The videos, released in four parts showing perspectives from different officers’ body cameras, show no reckless driving by Nichols and begin with a tense scene of officers ordering him out of the car.
In one video, an officer can be heard ordering Nichols to “get the hell out of that fucking car.” After Nichols replies that he “didn’t do anything”, the officer pulls him out of the car and throws him to the ground.
“I’m going to taser your ass,” the officer can be heard saying.
Nichols stands up and struggles with the officer before the officer deploys his Taser and misses Nichols. He then flees.
Another officer can be heard saying, “I hope they stomp his ass.”
In another body camera video, Nichols can be seen repeatedly stomped on and punched by officers as he cries out for his mother.
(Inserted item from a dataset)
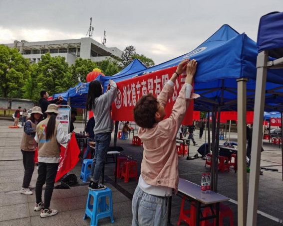 集团上下高度重视此次招聘会。早八点前,各院系就创部成员已在图书馆正门集合完毕,相关负责老师带领大家布置现场。

Later in the sequence, Nichols’ cries become less coherent, his speech becomes wild, and he struggles to get up.
The original statement from the Memphis Police Department makes no mention of the conduct of the officer who caused Nichols to be transported to the hospital, although a January 10 Tennessee Bureau of Investigation statement said he “died of his injuries”.
—Tennessee Bureau of Investigation (@TBInvestigation) January 10, 2023
Legal experts told Insider the footage revealed a “breakdown” in police protocol and described the incident as “excessive”.
“There is no reason why five officers should be reduced to closed fists in order to subdue a suspect who does not appear to be violent in return, but at worst it can be said that he is not complying with their orders,” Joshua Ritter, a Los Angeles criminal defense attorney, former prosecutor and partner with El Dabe Ritter Trial Lawyers, told Insider of the footage.
Nationwide, anti-police brutality protests have grown as people react to body camera footage, prompting comparisons to the 2020 video of George Floyd’s death, when the officer Derek Chauvin knelt on his neck for several minutes as Floyd cried that he couldn’t breathe. Chauvin was sentenced to 22.5 years in prison for Floyd’s murder.
Instead of circulating body camera footage of Nichols’ death, which experts say may do more harm than good, many activists are releasing videos of him skateboarding to remember him as someone. one who “lived in joy”.